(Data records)
********************

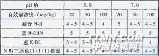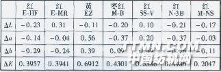 由表2可知,耐氯增进剂Argafix CL在弱酸性条件下对锦纶针织物的固色整理效果不如中性条件下的固色整理效果,特别是在有效氯浓度较高的条件下,中性条件整理织物的耐氯色牢度普遍比弱酸性条件整理的高0.5级。因此,酸性染料染色锦纶织物在进行耐氯增进剂Argafix CL固色整理前必须进行水洗处理,以确保织物呈中性。2.3 固色整理对织物性能的影响2.3.1对色光的影响 色光稳定性是织物染色性能的重要指标,若耐氯增进剂Argafix CL的固色整理破
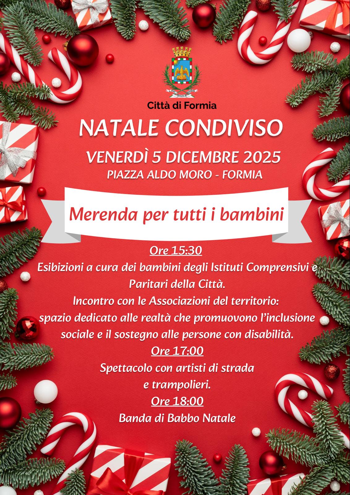 Venerdì 5 dicembre torna a Formia il “Natale Condiviso”, l’appuntamento dedicato ai bambini, alle famiglie e a tutta la comunità cittadina che darà ufficialmente il via agli eventi natalizi della città.
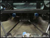 The following pictures will share some of the steps taken to date and the associated results as we methodically integrate the new independent quick change rear end. We have completed the dry fitting of the custom independent quick change rear end assembly, located and secured the pinion support bars and the lower radius bars. We created and fabricated a custom front radius bar bracket that has the center pivot point of the bars located in line with the custom independent quick change rear end's lower control arm pivot point/through bolt and have been placed at the same height as the lower control arm pivot point/bolt so as to insure that the radius bars will work in concert with the lower control arms with no binding such as pushing or pulling as the control arms move up and down effectively creating two large control arms.
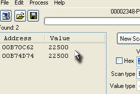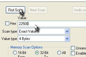 V programu v okence napišemo Vsoto (22500), Scan Type nastavimo na Exact Value, Value Type pa na 4 Bytes.
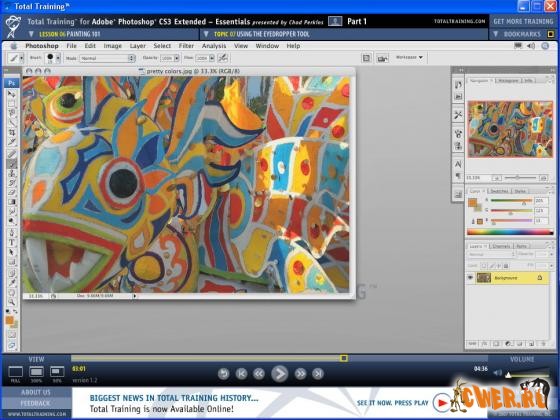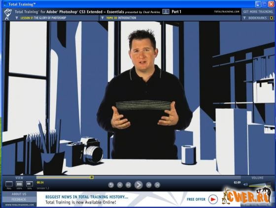 Видеокурс по программе Adobe Photoshop CS3 Extended на английском языке от лидера мирового рынка компании Total Training. Точные копии оригинальных дисков (2 DVD), собственная оболочка для запуска уроков, удобная навигация
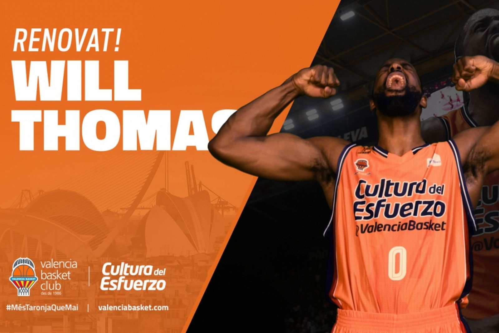 D'altra banda, l'ala pivot nord-americà Will Thomas continuarà jugant en el club taronja fins al 30 de juny del 2019. Complirà així la tercera temporada vestint la camiseta del València Basket, després d'unes negociacions que es van complicar a l'inici. Thomas va ser un jugador important en el joc interior de l'equip campió de lliga i també va continuar oferint bones xifres la temporada passada. Ha acumulat, en l'estada a València, 7 punts de mitjana per partit, 4 rebots i 9 de valoració.
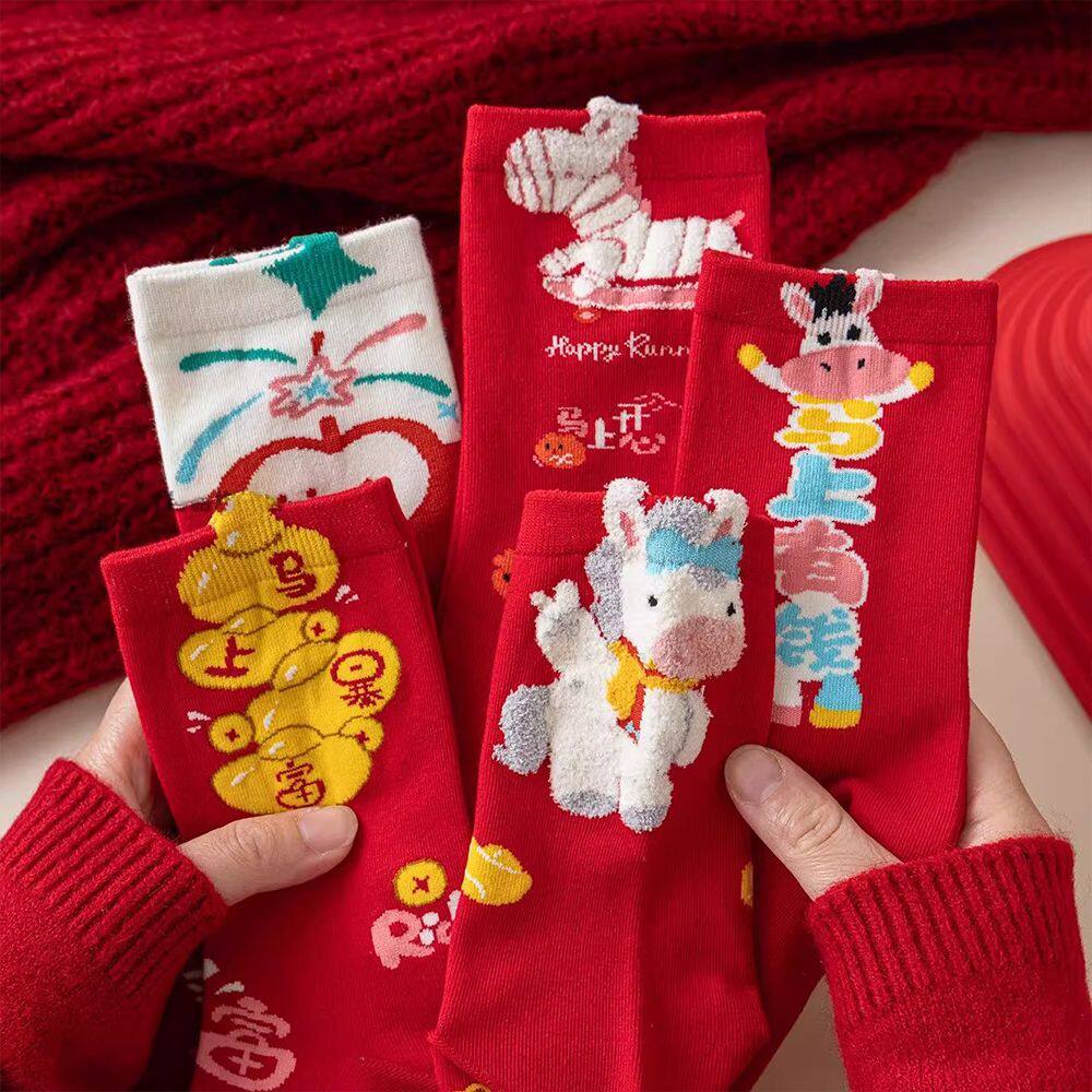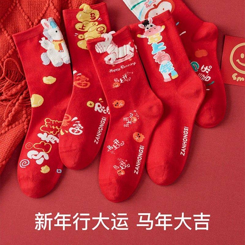 本命年袜子2026马年男女红袜子中筒袜秋冬季新年保暖长袜结婚礼物
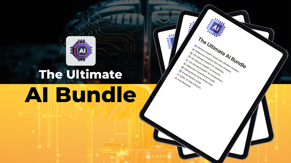 Ready to unlock the full power of AI? The Ultimate AI Bundle is the ultimate toolkit to help you master AI for business, creativity, and growth. From ChatGPT mastery to Midjourney prompts, this bundle has everything you need to scale up your skills and success.
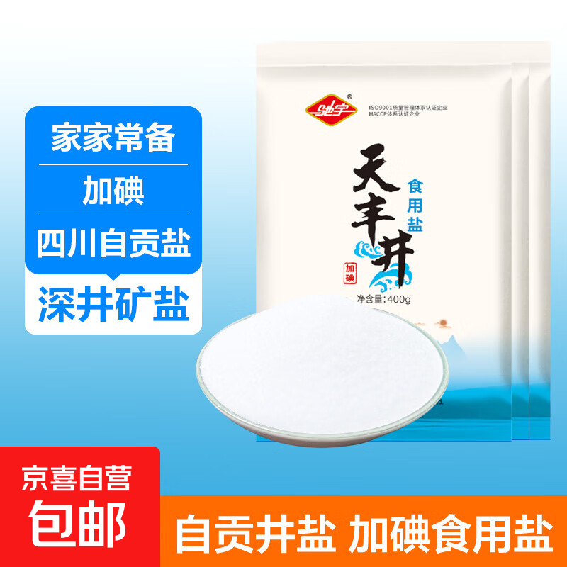 自贡井矿食用盐 加碘盐深井盐矿盐商用食盐家用炒菜调味细盐 加碘食用盐400g*3袋
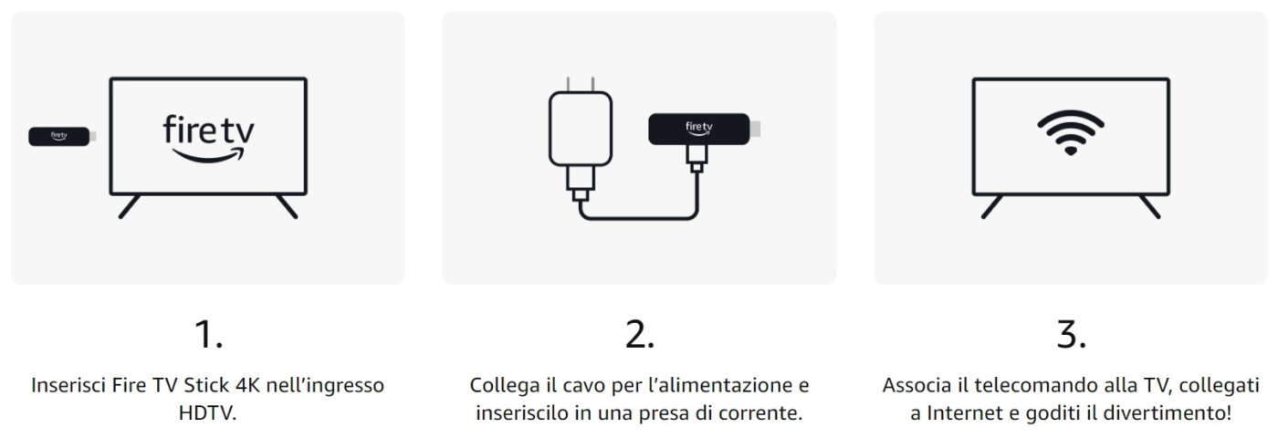 Una volta accesa si avvia la procedura di configurazione con la registrazione del telecomando, la scelta della lingua e della rete Wi-Fi, l’aggiornamento software (se necessario), il login Amazon e la scelta delle app. Se siete già clienti Prime e ordinate la chiavetta con il vostro account la procedura sarà ancora più semplice e veloce.
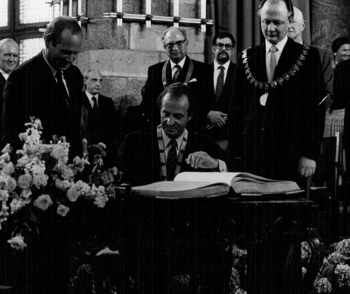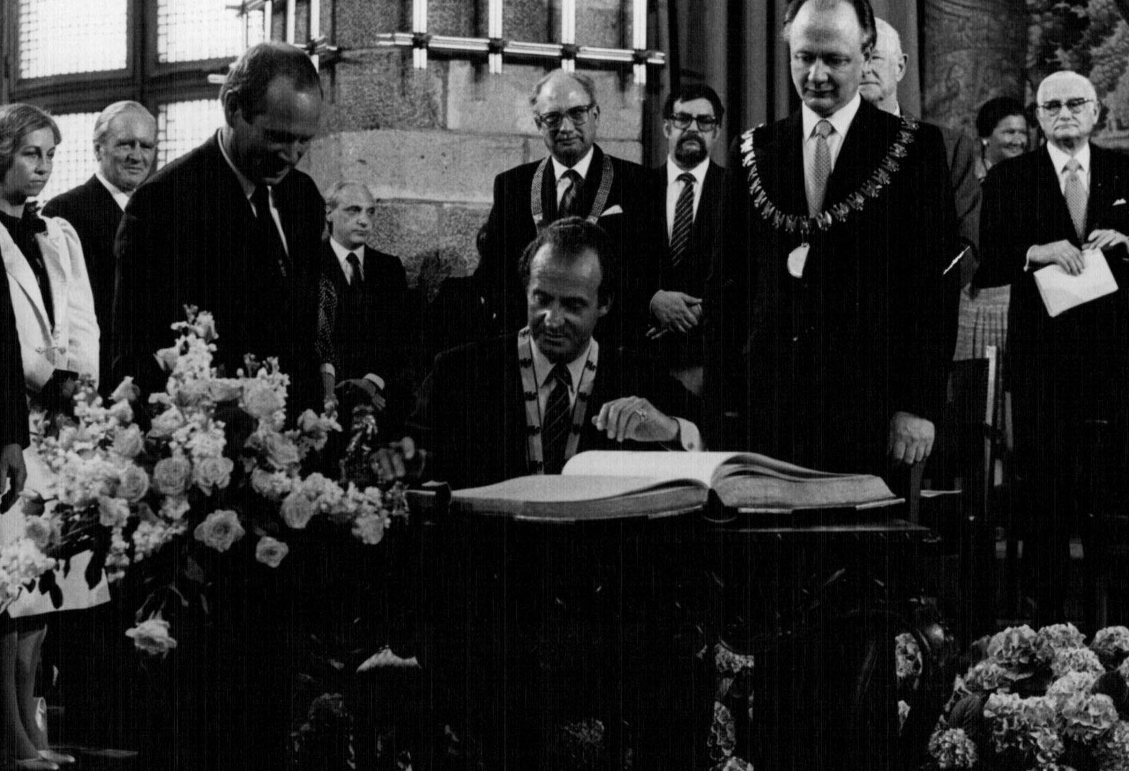 Am Himmelfahrtstag, dem 20. Mai 1982, wurde im Krönungssaal des Aachener Rathauses, der ehemaligen Kaiserpfalz, der Internationale Karlspreis für das Jahr 1982 an Seine Majestät König Juan Carlos I verliehen in Würdigung seines entschiedenen Wirkens um ein in Gemeinschaft mit Spanien geeintes Europa und sein kraftvolles und mutiges Eintreten für die den Kontinent tragenden Prinzipien der Gerechtigkeit und Freiheit.
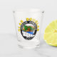 Un vaso de vidrio de Clan Douglas con el escudo Salamander in Flames.
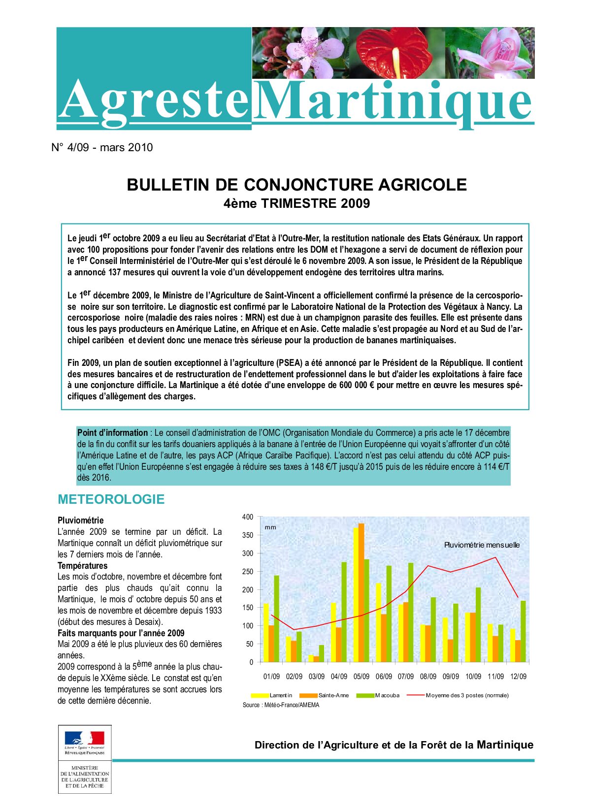 Bulletin de conjoncture agricole – 4ème trimestre 2009

********************

-- PROBLEM REQUIREMENTS --
Whenever a picture appears, leave it out, and return every record exactly.

-- EXPECTED ANSWER --
 由表2可知,耐氯增进剂Argafix CL在弱酸性条件下对锦纶针织物的固色整理效果不如中性条件下的固色整理效果,特别是在有效氯浓度较高的条件下,中性条件整理织物的耐氯色牢度普遍比弱酸性条件整理的高0.5级。因此,酸性染料染色锦纶织物在进行耐氯增进剂Argafix CL固色整理前必须进行水洗处理,以确保织物呈中性。2.3 固色整理对织物性能的影响2.3.1对色光的影响 色光稳定性是织物染色性能的重要指标,若耐氯增进剂Argafix CL的固色整理破
 Venerdì 5 dicembre torna a Formia il “Natale Condiviso”, l’appuntamento dedicato ai bambini, alle famiglie e a tutta la comunità cittadina che darà ufficialmente il via agli eventi natalizi della città.
 The following pictures will share some of the steps taken to date and the associated results as we methodically integrate the new independent quick change rear end. We have completed the dry fitting of the custom independent quick change rear end assembly, located and secured the pinion support bars and the lower radius bars. We created and fabricated a custom front radius bar bracket that has the center pivot point of the bars located in line with the custom independent quick change rear end's lower control arm pivot point/through bolt and have been placed at the same height as the lower control arm pivot point/bolt so as to insure that the radius bars will work in concert with the lower control arms with no binding such as pushing or pulling as the control arms move up and down effectively creating two large control arms.
 V programu v okence napišemo Vsoto (22500), Scan Type nastavimo na Exact Value, Value Type pa na 4 Bytes.
 Видеокурс по программе Adobe Photoshop CS3 Extended на английском языке от лидера мирового рынка компании Total Training. Точные копии оригинальных дисков (2 DVD), собственная оболочка для запуска уроков, удобная навигация
 D'altra banda, l'ala pivot nord-americà Will Thomas continuarà jugant en el club taronja fins al 30 de juny del 2019. Complirà així la tercera temporada vestint la camiseta del València Basket, després d'unes negociacions que es van complicar a l'inici. Thomas va ser un jugador important en el joc interior de l'equip campió de lliga i també va continuar oferint bones xifres la temporada passada. Ha acumulat, en l'estada a València, 7 punts de mitjana per partit, 4 rebots i 9 de valoració.
 本命年袜子2026马年男女红袜子中筒袜秋冬季新年保暖长袜结婚礼物
 Ready to unlock the full power of AI? The Ultimate AI Bundle is the ultimate toolkit to help you master AI for business, creativity, and growth. From ChatGPT mastery to Midjourney prompts, this bundle has everything you need to scale up your skills and success.
 自贡井矿食用盐 加碘盐深井盐矿盐商用食盐家用炒菜调味细盐 加碘食用盐400g*3袋
 Una volta accesa si avvia la procedura di configurazione con la registrazione del telecomando, la scelta della lingua e della rete Wi-Fi, l’aggiornamento software (se necessario), il login Amazon e la scelta delle app. Se siete già clienti Prime e ordinate la chiavetta con il vostro account la procedura sarà ancora più semplice e veloce.
 Am Himmelfahrtstag, dem 20. Mai 1982, wurde im Krönungssaal des Aachener Rathauses, der ehemaligen Kaiserpfalz, der Internationale Karlspreis für das Jahr 1982 an Seine Majestät König Juan Carlos I verliehen in Würdigung seines entschiedenen Wirkens um ein in Gemeinschaft mit Spanien geeintes Europa und sein kraftvolles und mutiges Eintreten für die den Kontinent tragenden Prinzipien der Gerechtigkeit und Freiheit.
 Un vaso de vidrio de Clan Douglas con el escudo Salamander in Flames.
 Bulletin de conjoncture agricole – 4ème trimestre 2009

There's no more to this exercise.